Extract tables only:

def extract_tables(json_response):
    regions = json_response['result']['layout']['regions']
    tables = [r for r in regions if r['type'] == 'table']

    for i, table in enumerate(tables):
        print(f"Table {i+1}:")
        print_as_markdown_table(table['content'])

Extract everything:

def extract_complete(json_response):
    # Simply use the full_text which includes everything
    print(json_response['result']['full_text'])

    # Or present all regions in order
    regions = json_response['result']['layout']['regions']
    reading_order = json_response['result']['layout']['reading_order']
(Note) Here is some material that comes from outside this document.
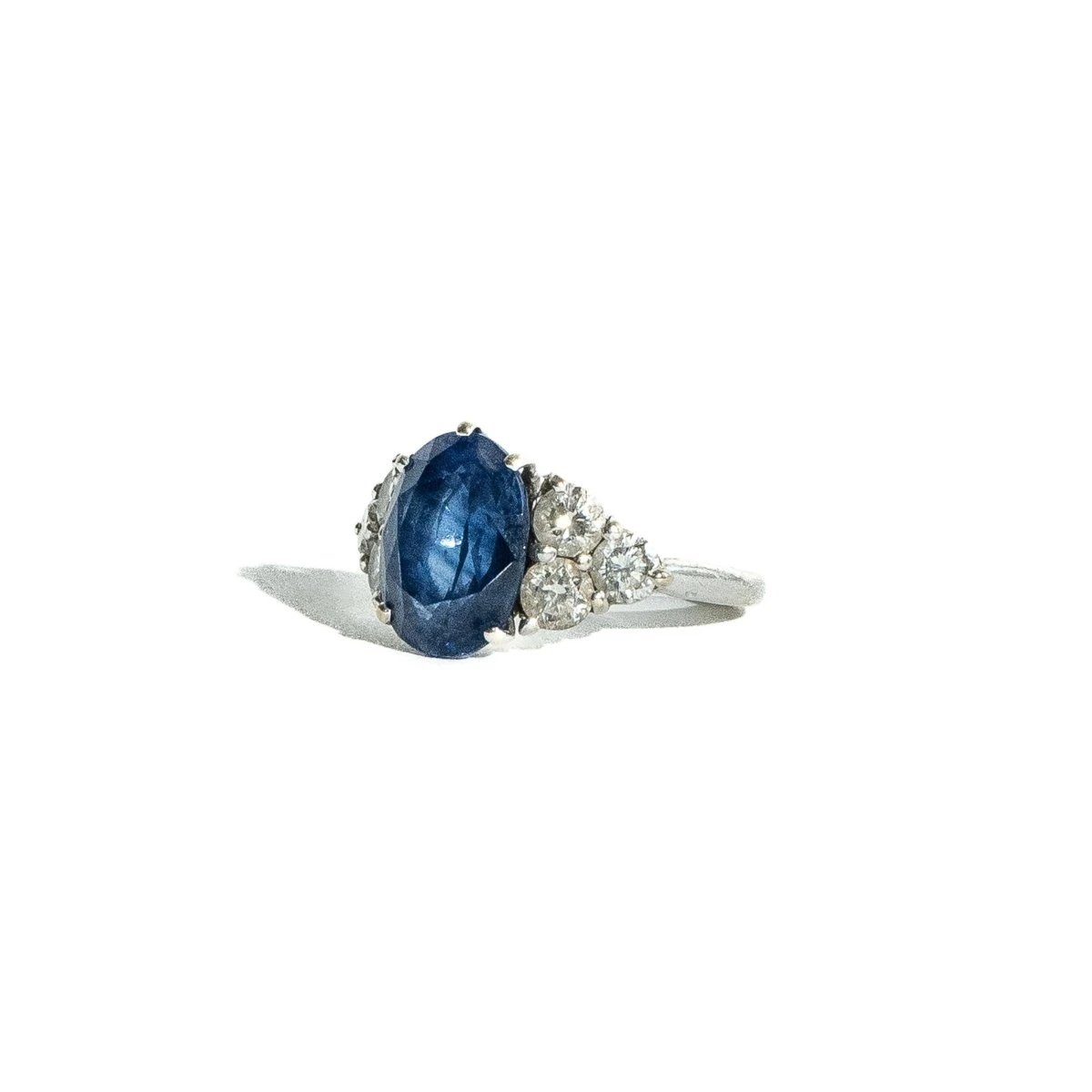 Bague trilogie en or blanc 750‰ sertie d’un saphir basaltique taille ovale de 4,28 carats, chauffée, certifié Bellerophon accompagné par 6 diamants taille brillant, qualité H/SI, pour un total de 0,90 carat.

    for idx in reading_order:
        region = regions[idx]
        print(f"[{region['type']}] {region['content']}")

Important Notes

  • The script NEVER filters content - It always returns complete data
  • Claude decides what to present - Based on user's specific request
  • All data is always available - Can be re-interpreted for different needs
  • No information is lost - Complete document structure preserved

Reference Documentation

For in-depth understanding of the PaddleOCR-VL 1.5 system, refer to:

  • references/paddleocr-vl-1.5/vl_model_spec.md
    - VL model specifications
  • references/paddleocr-vl-1.5/layout_schema.md
    - Layout detection schema
  • references/paddleocr-vl-1.5/output_format.md
    - Complete output format specification

Load these reference documents into context when:

  • Debugging complex parsing issues
  • Understanding layout detection algorithm
  • Working with special document types
  • Customizing content extraction logic

Testing the Skill

To verify the skill is working properly:

python scripts/paddleocr-vl-1.5/smoke_test.py

This tests configuration and optionally API connectivity.